Reproduce the lines below exactly, from the one containing "sdmay20-46: Intelligent Code" through the one containing "ゲーム内で獲得できる 6色の", both included. Leave out any pictures.

Records below:

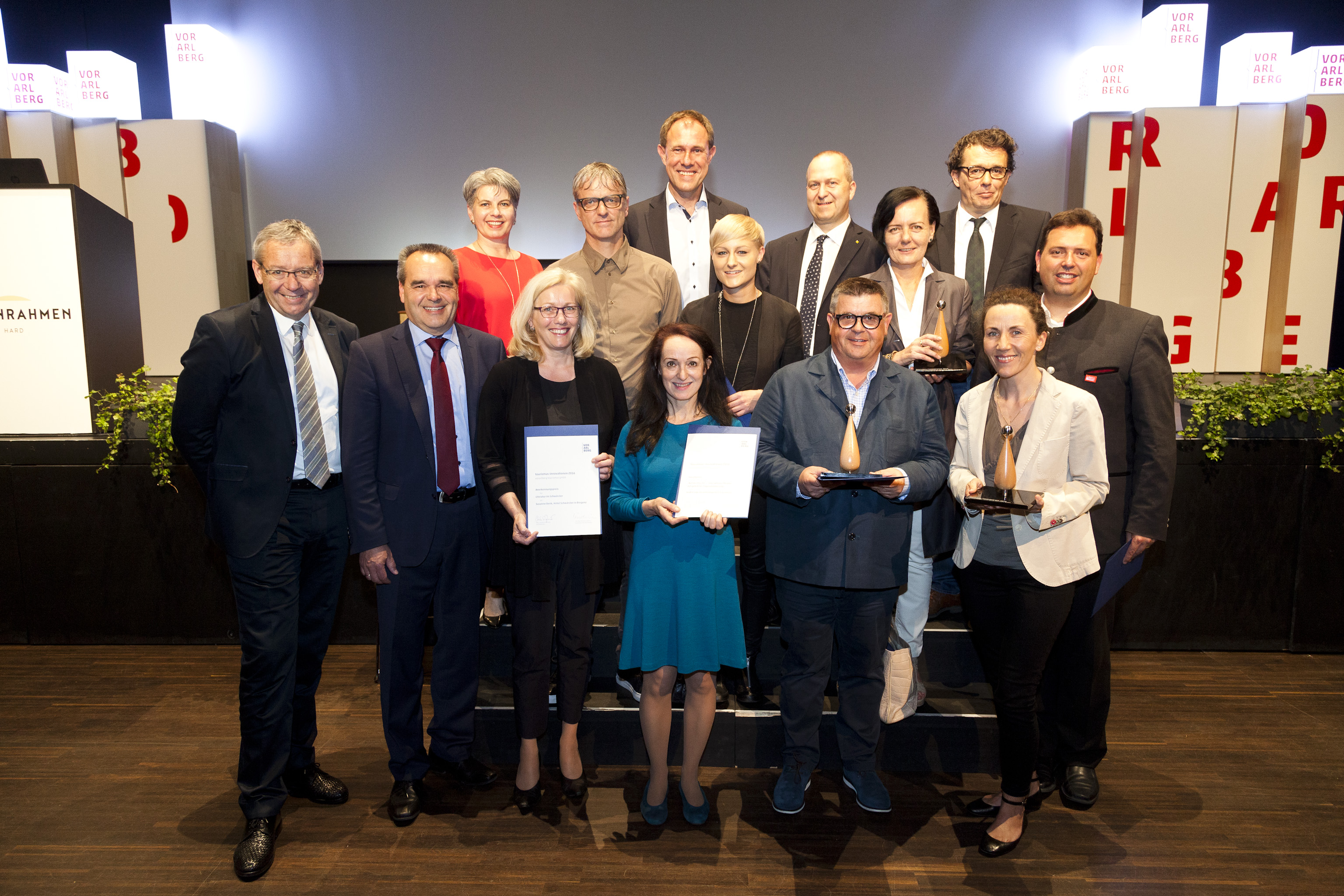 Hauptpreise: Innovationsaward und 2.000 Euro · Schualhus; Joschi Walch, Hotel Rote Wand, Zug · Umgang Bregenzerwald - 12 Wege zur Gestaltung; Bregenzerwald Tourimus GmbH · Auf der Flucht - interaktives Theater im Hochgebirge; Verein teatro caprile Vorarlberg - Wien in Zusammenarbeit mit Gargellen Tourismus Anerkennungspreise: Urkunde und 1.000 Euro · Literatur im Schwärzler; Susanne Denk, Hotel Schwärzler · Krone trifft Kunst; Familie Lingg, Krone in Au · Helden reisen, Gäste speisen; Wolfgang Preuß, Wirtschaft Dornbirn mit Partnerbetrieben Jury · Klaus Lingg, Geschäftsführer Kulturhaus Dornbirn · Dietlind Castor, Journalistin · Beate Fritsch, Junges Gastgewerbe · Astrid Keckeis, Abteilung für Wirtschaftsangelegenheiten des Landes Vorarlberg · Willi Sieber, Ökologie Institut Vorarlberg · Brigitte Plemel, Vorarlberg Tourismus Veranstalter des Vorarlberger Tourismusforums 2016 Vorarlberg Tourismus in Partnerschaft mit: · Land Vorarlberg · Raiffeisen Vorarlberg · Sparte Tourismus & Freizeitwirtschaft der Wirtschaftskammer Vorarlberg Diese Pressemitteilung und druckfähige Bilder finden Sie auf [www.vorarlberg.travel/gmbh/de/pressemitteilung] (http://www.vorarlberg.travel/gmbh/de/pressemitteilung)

End of Records.
Records below:

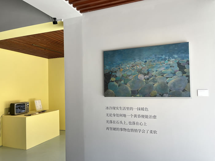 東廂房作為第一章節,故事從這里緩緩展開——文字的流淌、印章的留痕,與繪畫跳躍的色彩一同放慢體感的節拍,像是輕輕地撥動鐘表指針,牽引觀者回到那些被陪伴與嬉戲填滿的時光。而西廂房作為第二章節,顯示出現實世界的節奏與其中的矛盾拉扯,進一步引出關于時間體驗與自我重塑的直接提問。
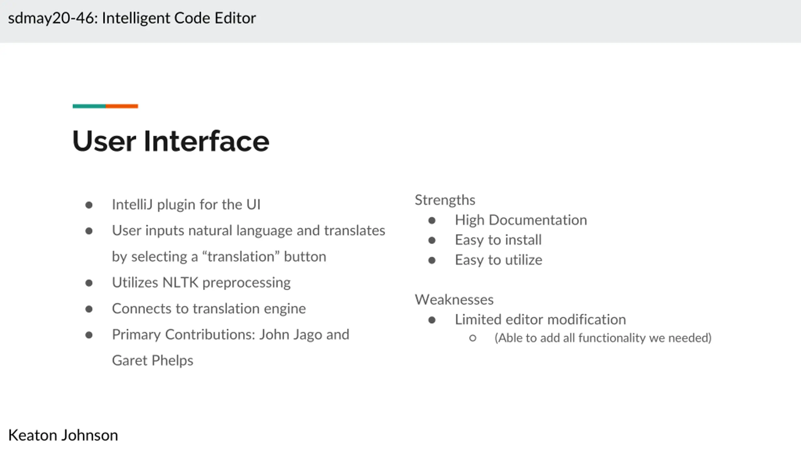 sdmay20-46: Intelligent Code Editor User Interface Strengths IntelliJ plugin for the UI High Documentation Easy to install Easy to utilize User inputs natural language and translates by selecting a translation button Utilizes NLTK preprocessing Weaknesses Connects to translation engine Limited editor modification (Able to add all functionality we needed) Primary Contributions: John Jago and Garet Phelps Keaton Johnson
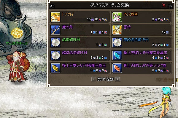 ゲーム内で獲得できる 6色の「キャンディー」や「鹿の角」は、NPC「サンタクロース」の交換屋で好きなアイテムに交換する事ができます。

End of Records.

_Answer box:_
 sdmay20-46: Intelligent Code Editor User Interface Strengths IntelliJ plugin for the UI High Documentation Easy to install Easy to utilize User inputs natural language and translates by selecting a translation button Utilizes NLTK preprocessing Weaknesses Connects to translation engine Limited editor modification (Able to add all functionality we needed) Primary Contributions: John Jago and Garet Phelps Keaton Johnson
 ゲーム内で獲得できる 6色の「キャンディー」や「鹿の角」は、NPC「サンタクロース」の交換屋で好きなアイテムに交換する事ができます。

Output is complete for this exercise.